Hätte die Wahl am Buffet stattgefunden, die Grünen hätten die Absolute erreichen müssen. Während die restlichen Parteien ihren Funktionären irgendetwas zwischen Würstel, Schweinsbraten und Nüssen kredenzten, konnten die Grünen ihre Trauer wahlweise mit Thai-Hühnercurry, veganem Kichererbsencurry, Kartoffel-Kürbis-Gulasch, Linsensuppe und Würsteln hinunterschlucken.

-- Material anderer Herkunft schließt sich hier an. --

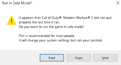 Buna hayır demenizi tavsiye ederim. Ansızın oyun kapandığı için güvenli mod da başlatmayı soruyor. Bir daha çıkarsa yine hayır diyerek geçin. Evet seçenegine tıklarsanız Grafik ayarlarınız değişir.Merhaba. PC'ye CoD Warzone indirdim ve eşleştirmeye girdim ama oyun çöktü. Ve bir hata verdi. Ama SS alamadım. Oyunu bir daha açmaya çalışınca resimdeki hatayı verdi.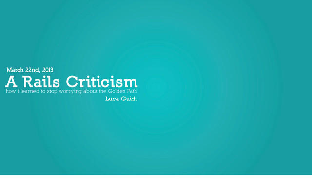 This talk will focus its attention on the Rails "Golden Path", the reasons to its success, the most common problems, and how its API can be improved.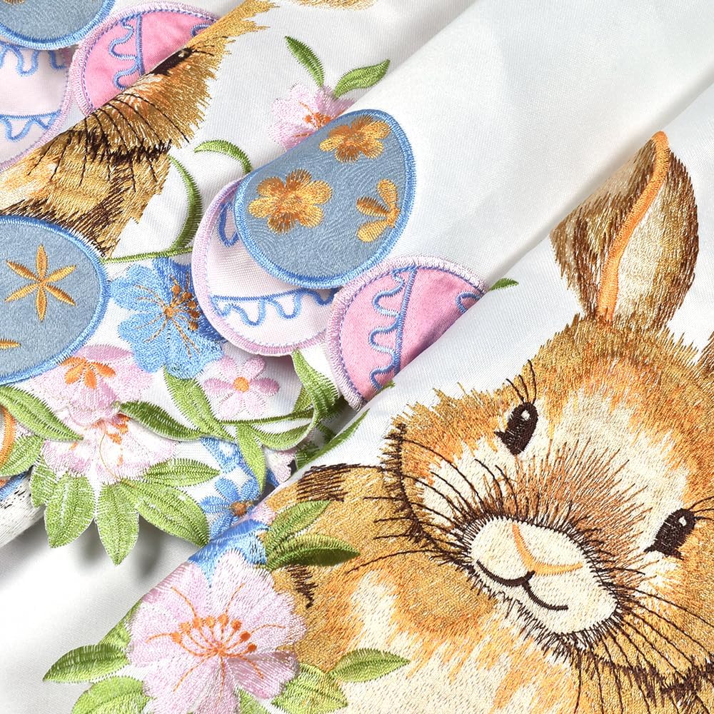 خامة فائقة: ستارة ستارة عيد الفصح مصنوعة من نسيج البوليستر بحرفية تطريز رائعة، ومتينة، ومقاومة للاهتراء. يمكن غسلها في الغسالة بالماء البارد وتبقى دون تغيير أثناء الغسيل ولا تبهت، وهي مكواة بخار صغيرة.

Stefan Apfl, Ingrid Brodnig, Nina Horaczek, Florian Klenk, Julia Ortner und Barbara Tóth kamen erst gar nicht zum Essen, sondern hirschten am Sonntagabend von Parteizelt zu Parteizelt, um herauszufinden, wie (un)realistisch eine rot-grüne Koalition in Wien ist und wer für die erstarkte FPÖ in den Wiener Gemeinderat einziehen wird.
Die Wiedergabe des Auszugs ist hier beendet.